◆ **Supplied information**
········

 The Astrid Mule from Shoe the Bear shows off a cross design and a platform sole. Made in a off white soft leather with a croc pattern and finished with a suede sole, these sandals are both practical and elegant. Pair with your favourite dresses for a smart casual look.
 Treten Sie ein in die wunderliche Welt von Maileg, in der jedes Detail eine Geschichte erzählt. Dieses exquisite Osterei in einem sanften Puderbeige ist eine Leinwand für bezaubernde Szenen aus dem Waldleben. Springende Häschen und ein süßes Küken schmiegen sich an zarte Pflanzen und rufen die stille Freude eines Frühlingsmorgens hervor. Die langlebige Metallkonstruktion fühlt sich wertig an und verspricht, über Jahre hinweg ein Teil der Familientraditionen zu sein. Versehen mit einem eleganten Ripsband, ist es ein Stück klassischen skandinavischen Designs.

········

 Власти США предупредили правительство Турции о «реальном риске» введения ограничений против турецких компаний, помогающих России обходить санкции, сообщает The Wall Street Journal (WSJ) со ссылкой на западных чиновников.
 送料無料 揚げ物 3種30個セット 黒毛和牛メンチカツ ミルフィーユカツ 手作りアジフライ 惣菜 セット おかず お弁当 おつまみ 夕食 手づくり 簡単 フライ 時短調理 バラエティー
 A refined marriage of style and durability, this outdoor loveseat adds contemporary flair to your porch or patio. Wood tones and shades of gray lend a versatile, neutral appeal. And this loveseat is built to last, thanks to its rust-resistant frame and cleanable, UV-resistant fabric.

········

◆ **Work instructions**
Beginning at the line above with "送料無料 揚げ物 3種30個セット" and finishing at the line with "A refined marriage", return each line exactly and return nothing else.

◆ **Response to this task**
 送料無料 揚げ物 3種30個セット 黒毛和牛メンチカツ ミルフィーユカツ 手作りアジフライ 惣菜 セット おかず お弁当 おつまみ 夕食 手づくり 簡単 フライ 時短調理 バラエティー
 A refined marriage of style and durability, this outdoor loveseat adds contemporary flair to your porch or patio. Wood tones and shades of gray lend a versatile, neutral appeal. And this loveseat is built to last, thanks to its rust-resistant frame and cleanable, UV-resistant fabric.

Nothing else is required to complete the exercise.